Des copies piratées de Final Cut Pro peuvent infecter votre Mac
Jamf Threat Labs a publié jeudi un rapport sur une nouvelle menace de malware sur macOS qui installe et exécute un logiciel de crypto-mining. Le logiciel malveillant est attaché à des copies piratées de Final Cut Pro qui sont téléchargées à partir de points de distribution non autorisés sur Internet.
Les versions piratées de Final Cut Pro ont un outil de crypto-minage appelé XMRig attaché. Lorsque le logiciel est téléchargé et installé, XMRig se lance en arrière-plan. Jamf rapporte que seule « une poignée » d’applications de protection contre les logiciels malveillants sont capables de détecter l’installation cachée de XMRig en janvier.
XMRig lui-même est souvent utilisé légitimement par les mineurs de crypto, mais comme il s’agit d’un utilitaire open source, il est souvent soumis à des utilisations illégitimes comme celle-ci. Avec XMRig exécuté en arrière-plan, le Mac consacre des ressources de traitement aux tâches d’exploration de données, ce qui affecte les performances.
Jamf a déclaré que cette installation de logiciel malveillant utilise i2p pour envoyer la crypto-monnaie extraite au portefeuille de l’attaquant et pour télécharger des composants logiciels malveillants sur le Mac. Le protocole de réseau i2p est conçu pour la confidentialité ; il est crypté et utilise un tunnel utilisé uniquement par l’utilisateur, le serveur et toute autre personne autorisée à y accéder. Comme XMRig, i2p a des utilisations légitimes, mais lorsqu’il est utilisé par des logiciels malveillants, il augmente la difficulté de suivre l’activité du réseau.
Les recherches de Jamf ont révélé que la source du malware a commencé à télécharger des versions piratées de Final Cut Pro en 2019 et que le malware est suffisamment intelligent pour éviter d’être détecté par l’application Activity Monitor de macOS. Si Activity Monitor est lancé, XMRig s’arrête et se relance lorsque l’utilisateur quitte Activity Monitor.

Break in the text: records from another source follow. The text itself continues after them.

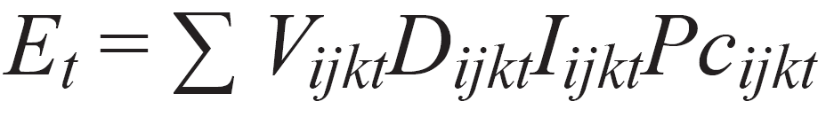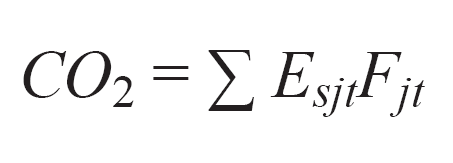 donde E es el consumo energético en el año t del sector s que usa combustible j y F es el factor de emisión por unidad energética. Solamente se estudian las emisiones de CO2 puesto que las emisiones de CH4 y N2O resultan menores que el 2 % de las emisiones totales (IPCC 2014).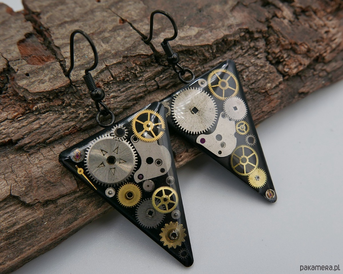 Oryginalne kolczyki wykonane ze stali, zdobione elementami mechanicznych zegarków zatopionymi w żywicy. Połączenie geometrycznej formy z industrialnymi detalami sprawia, że biżuteria nabiera niepowtarzalnego charakteru i wyróżnia się w każdej stylizacji.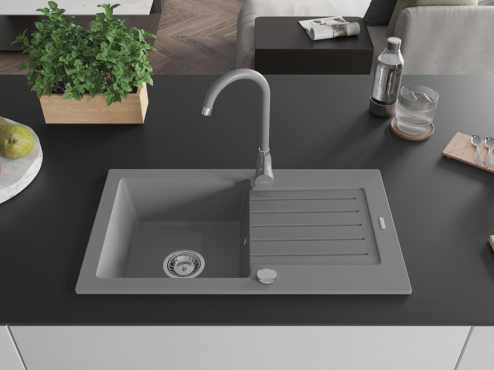Mexen Pablo granīta izlietne ar vienu bļodu un noteku un virtuves krānu Telma, pelēka - 6510-71-670200-71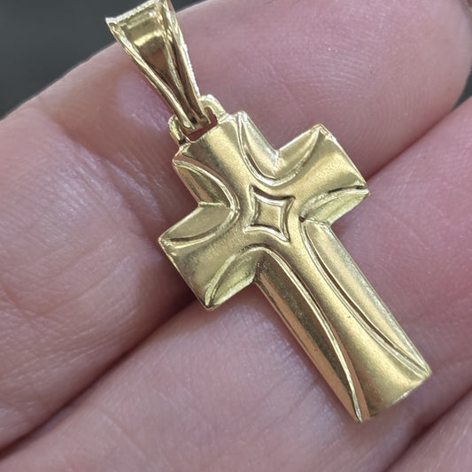 Real 14k Yellow Gold Cross Pendant charm 1.1 inch long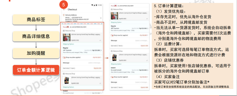(1)发货优先级: 库存充足时,优先从海外仓发货 。商品不足时,从跨境直邮发货 。当无法从单一货源发货时,系统会自动拆单 (海外仓和跨境直邮),买家需要付2次运费 ,分别是海外仓和跨境直邮的物流费用;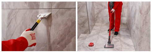 用吸塵器或毛刷清理粉塵:使用粉塵吸塵器將瓷磚縫隙內部的粉塵吸干凈,瓷磚縫隙兩側2cm寬采用抹布擦洗干凈,保證瓷磚縫隙內不潮濕,無粉塵、顆粒、油漬、疏松物等,同時清潔瓷磚表面污染物。如擔心使用吸塵器清潔仍不夠徹底,可繼續(xù)采用毛刷清理吸塵器處理不到或難以處理的位置,保證所有的瓷磚縫隙干燥無粉塵。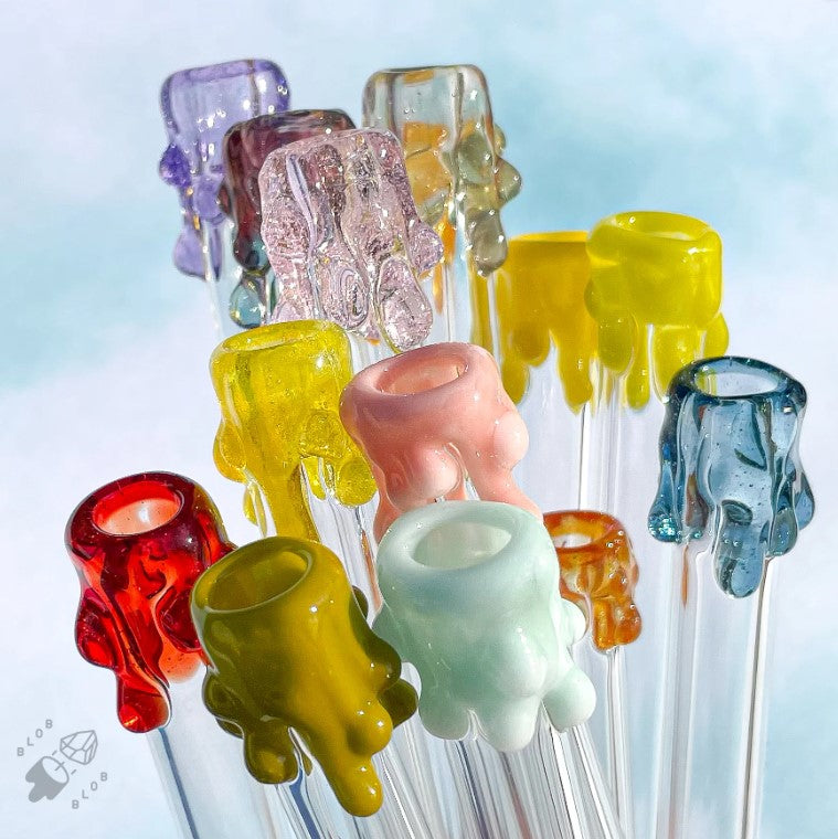 Durable and reusable, these blobby borosilicate glass straws are a fun way to enjoy any drink, especially frozen drinks and smoothies.
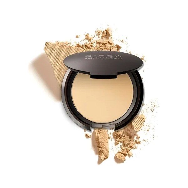 Maquillaje compacto facial con acabado semimate.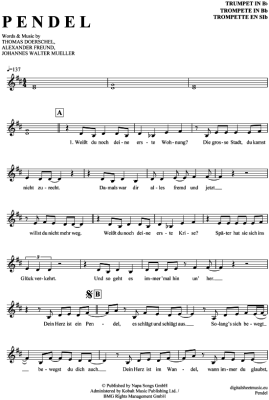 Pendel - Noten für Trompete in B Yvonne Catterfeld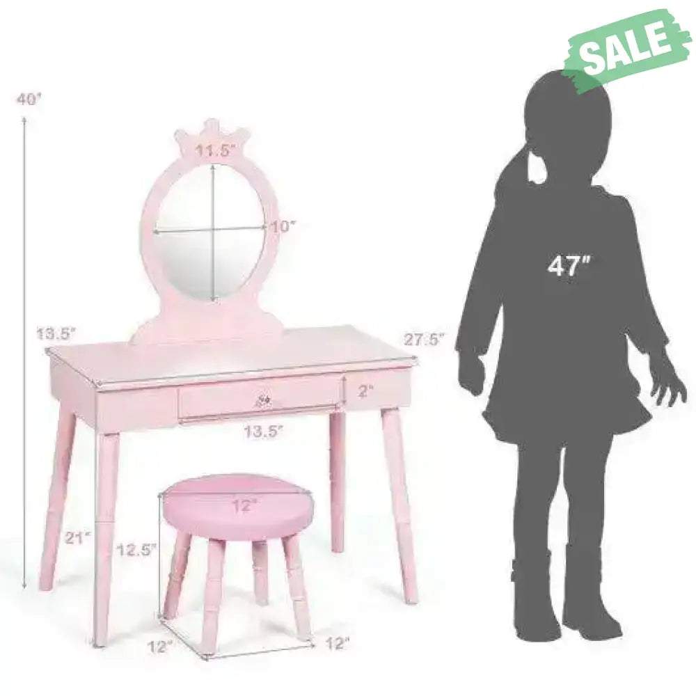 - Pink vanity set has a cute appearance which is a good gift for your kids and they will like it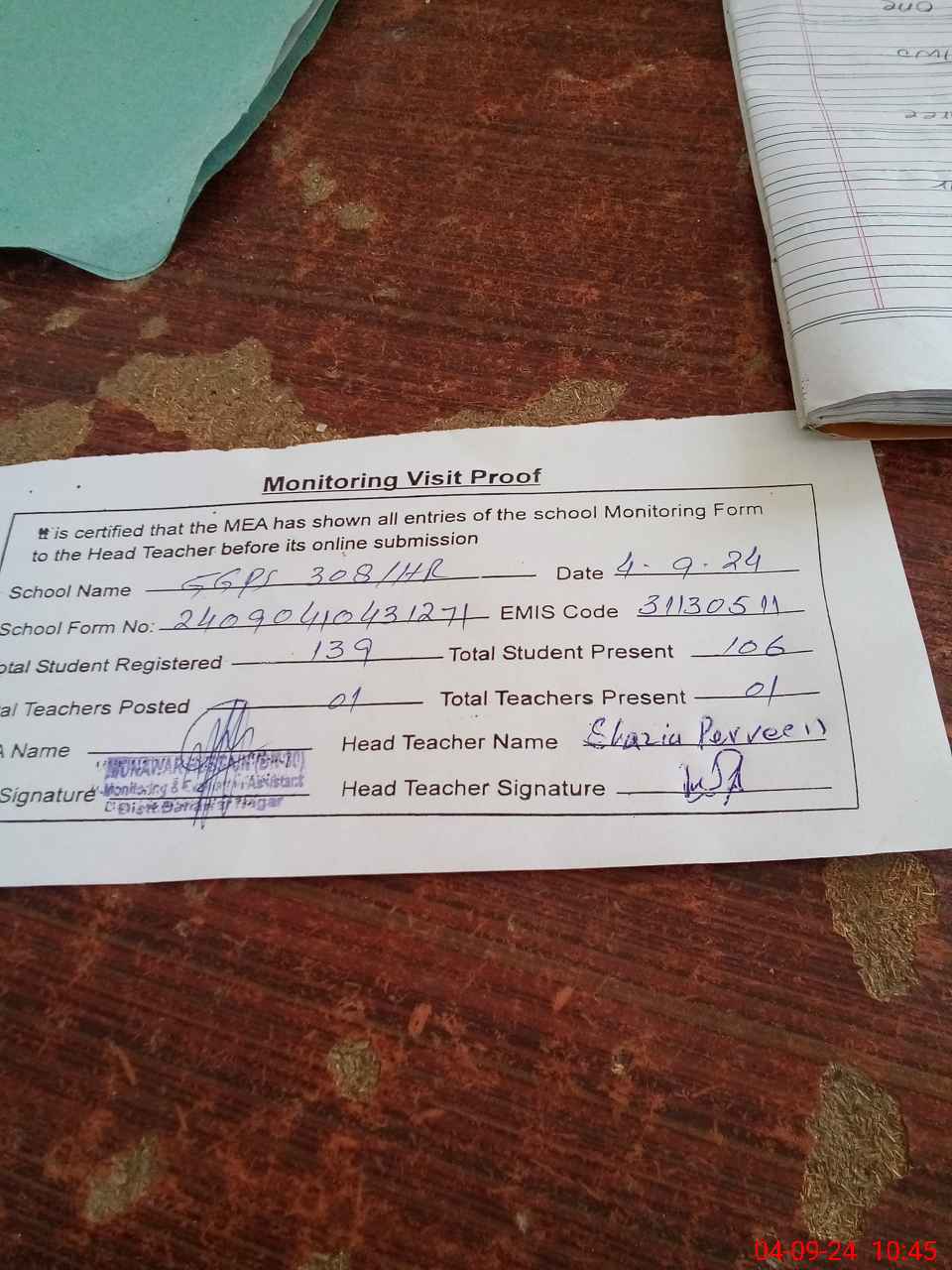 | EMIS Code: 31130336 | Name of School: GGPS CHAK 308/HR | |||

Dans un communiqué, Apple a reconnu le malware et a déclaré avoir mis à jour le Xprotect de macOS pour bloquer « les variantes spécifiques citées dans les recherches de JAMF » et garantir que le malware « ne contourne pas les protections Gatekeeper ». Apple a renforcé GateKeeper dans macOS Ventura pour analyser en continu les applications afin de s’assurer qu’elles sont correctement signées et n’ont pas été modifiées, mais les versions précédentes de macOS n’effectuent qu’une vérification initiale.
Le téléchargement de l’application piratée implique généralement l’utilisation d’un client torrent, et comme ces clients n’appliquent aucun attribut de quarantaine, les téléchargements contournent les contrôles de validation de macOS Monterey. Avec macOS Ventura, cependant, la copie piratée de Final Cut Pro ne passera pas la validation et ne se lancera pas, mais l’installation illégitime de XMRig se produit toujours et l’extraction en arrière-plan se poursuit.
Cette attaque de malware est précisément la raison pour laquelle Apple souhaite que vous fassiez vos achats sur l’App Store, où Apple examine chaque application pour s’assurer qu’elle ne contient pas de malware. Finalement, davantage d’applications de sécurité tierces détecteront cette attaque et fourniront une protection (Jamf note que cette attaque est bloquée par son service Protect Threat Prevention). Le moyen le plus simple d’éviter cette attaque consiste simplement à ne pas utiliser de logiciel piraté. La version officielle de Final Cut Pro coûte 300 $, bien qu’il y ait un Essai gratuit de 90 jours.